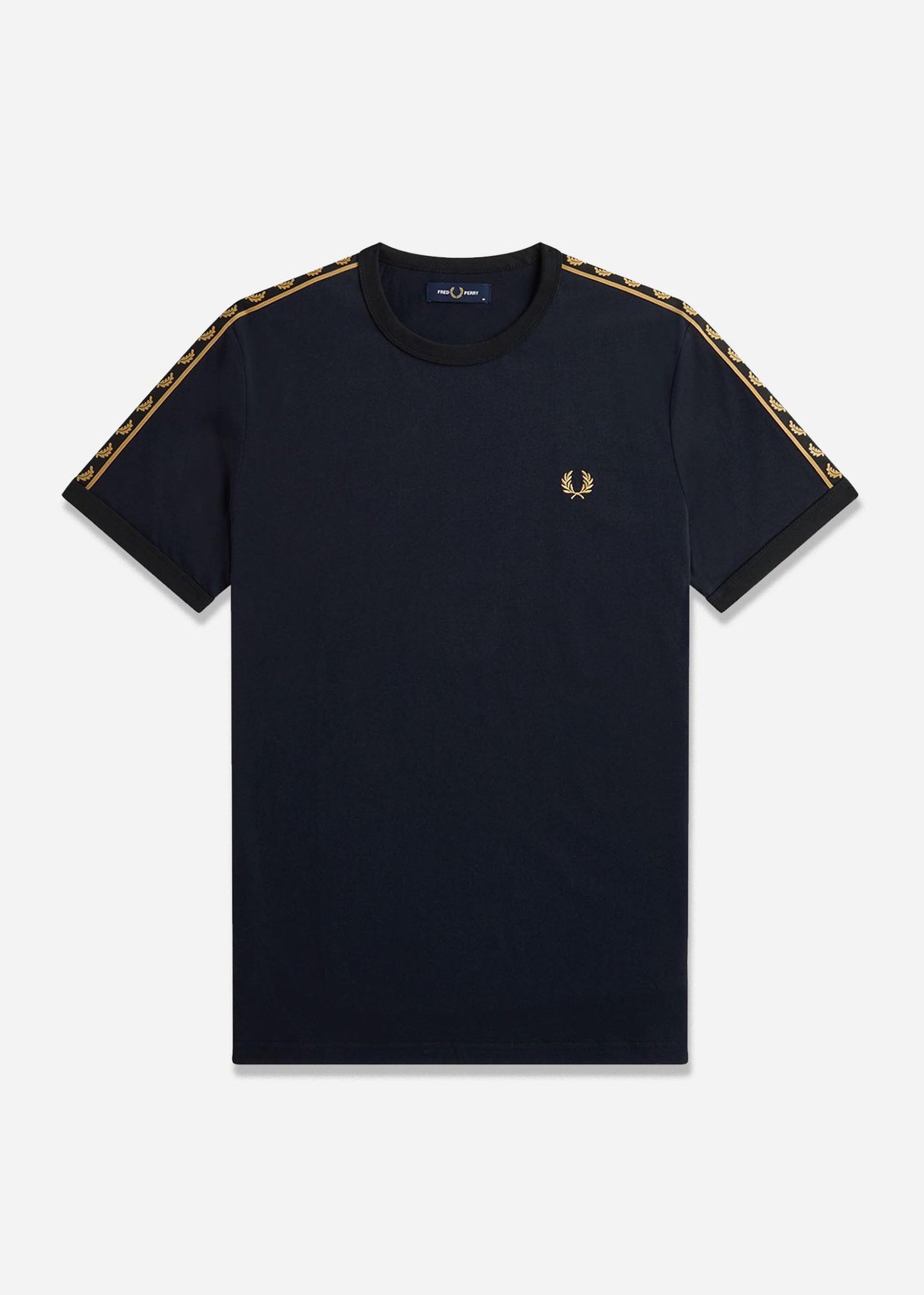 Defined by its rib neck and cuff, our ringer T-shirt is pure '90s. Designed with its original Laurel Wreath track tape at the sleeve, in mining gold.
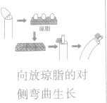 | 把沒有接觸過胚芽鞘尖端的瓊脂塊放在切去尖端的胚芽鞘切面的一側(cè) | ![]() | ||
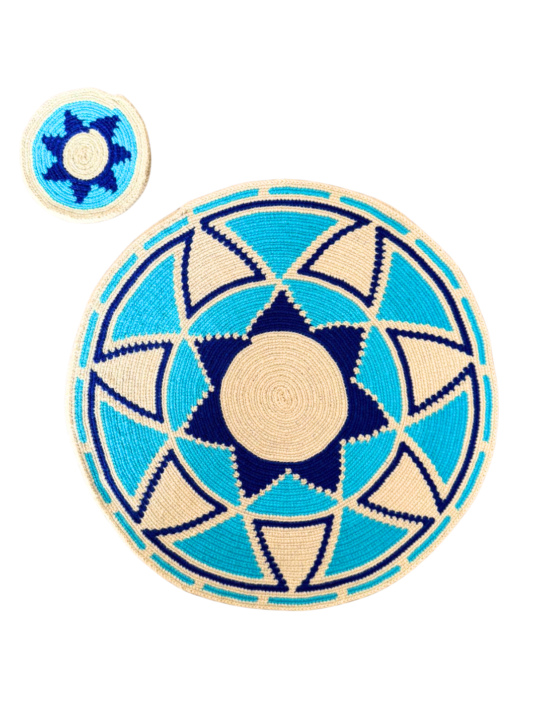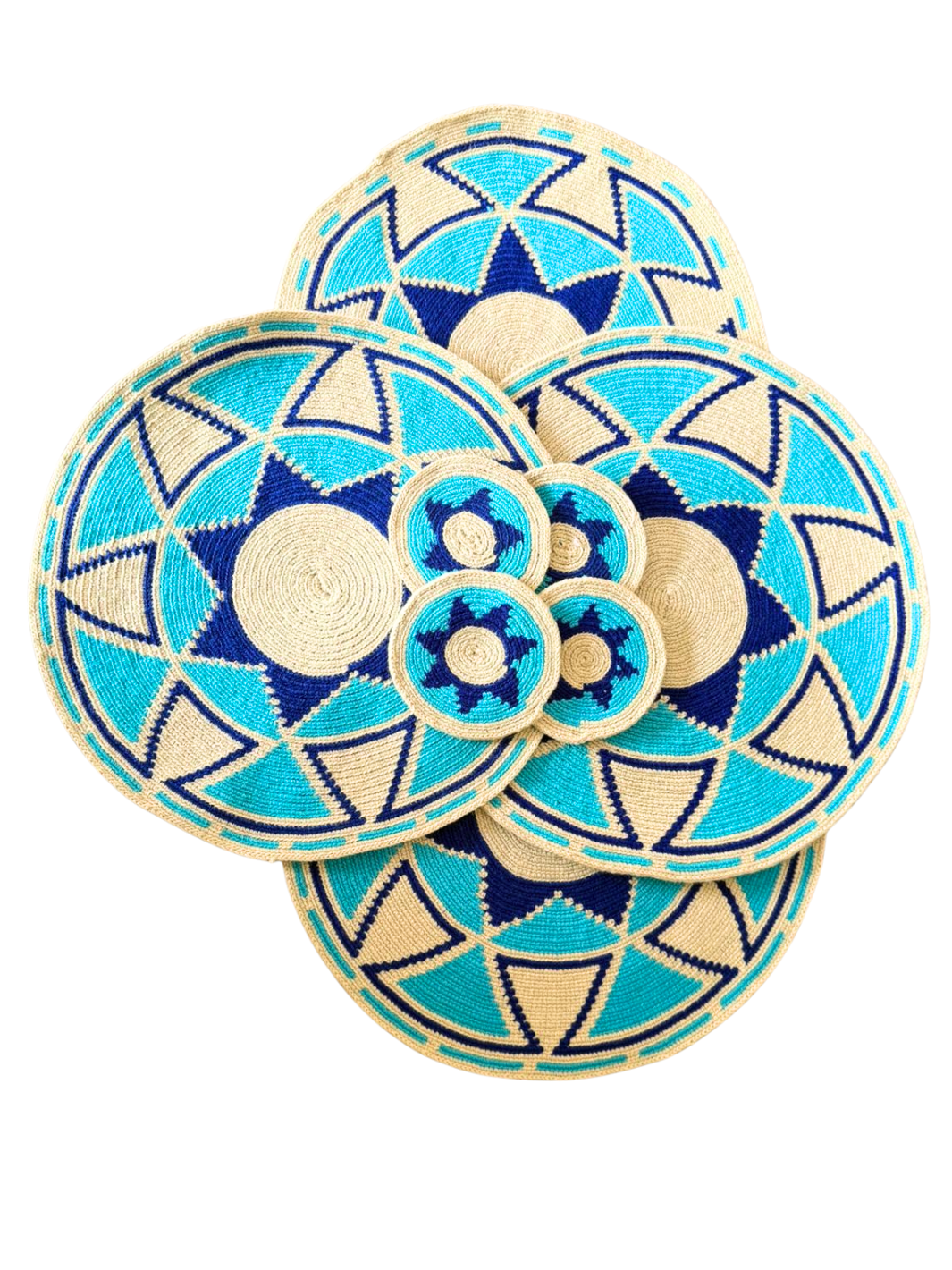 Individuales circulares (35 cm) y portavasos (11cm). Set x 4. Elaborados en hilo con diseños Wayúu. Al ser elaborados artesanalmente por diferentes personas, las dimensiones pueden variar ligeramente, con una tolerancia de ±3 cm.
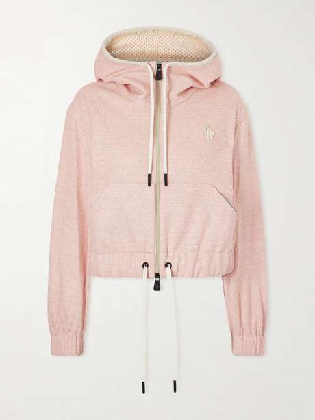 MONCLER GRENOBLE كنزة هودي بسحاب من مزيج القطن والكتان بحواف من الكنفا ومطرزة

================

[THE PROBLEM]
Word for word, output the whole listing, but not its pictures.

[RESULT OF THE EXERCISE]
 Defined by its rib neck and cuff, our ringer T-shirt is pure '90s. Designed with its original Laurel Wreath track tape at the sleeve, in mining gold.
 | 把沒有接觸過胚芽鞘尖端的瓊脂塊放在切去尖端的胚芽鞘切面的一側(cè) | ![]() | ||
 Individuales circulares (35 cm) y portavasos (11cm). Set x 4. Elaborados en hilo con diseños Wayúu. Al ser elaborados artesanalmente por diferentes personas, las dimensiones pueden variar ligeramente, con una tolerancia de ±3 cm.
 MONCLER GRENOBLE كنزة هودي بسحاب من مزيج القطن والكتان بحواف من الكنفا ومطرزة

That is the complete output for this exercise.